Details
- Date: October 19, 2013 01:00 PST
- Location: Atimonan, Quezon
- Country: Philippines
- Operator: Superlines, Bicol Isarog Transport System, DLTBCo
- Incident type: Multiple collision
- Cause: Mechanical failure of first vehicle

Statistics
- Deaths: 20
- Injured: 54

= 2013 Atimonan road crash =

Road incident in the Philippines

The 2013 Atimonan road crash was a road accident involving three buses and five other vehicles which occurred on a zigzag diversion in Maharlika Highway in Barangay Santa Catalina, Atimonan, Quezon province. The road accident killed 20 people and another 54 were injured.

==Background==
The site of crash, the zigzag diversion in Maharlika Highway in Atimonan Quezon is a notorious site for road accidents. The site is poorly lit and lacks sufficient traffic signs due to suspected sign theft.

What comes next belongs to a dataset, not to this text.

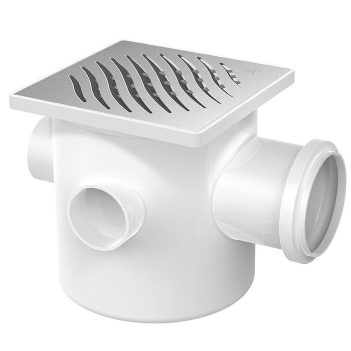 Caixa Sifonada com Porta Grelha Prata e Grelha Inox Quadrados 150x185x75mm com 3 Entradas - 27125228 Prata

Investigators confirmed that the accident happened at 1:00 am on October 19 when a truck carrying hog feed crashed into a Super Lines passenger bus at the descending diversion road in Maharlika Highway in Santa Catalina Atimonan which triggered more collisions. The passenger bus in turn collided into six other vehicles: two buses, two cargo trucks, a trailer truck and a van which were driving from the opposite direction. The vehicles were toppled and the accident resulted to many fatalities. The investigation also confirmed based on the Super Lines bus driver's testimony that the truck involved in the first collision experienced a mechanical failure causing it to crash to the Super Lines bus.

The Land Transportation Franchising and Regulatory Board (LTFRB) imposed a 30-day preventive suspension on the three bus lines involved. According to the LTFRB Chairman Atty. Winston Ginez, 35 units of Super Lines, 6 units of Bicol Isarog Transport System Incorporated and 20 units of Del Monte Land Transport Bus Company will be suspended. The bus lines involved will be given a chance to appeal.

The bus lines involve will also be required to attend a road worthiness seminar, have all their units undergo a vehicle check and all their drivers should undergo a drug testing. The LTFRB also sent an investigation team to the crash site.

The driver of the truck involved in the first collision died in the accident. Albert Nava the driver of the Super Lines bus was charged with reckless imprudence resulting in multiple homicide, multiple serious physical injuries and damage to property. The driver maintains that he was innocent and that he was one of the victims of the crash.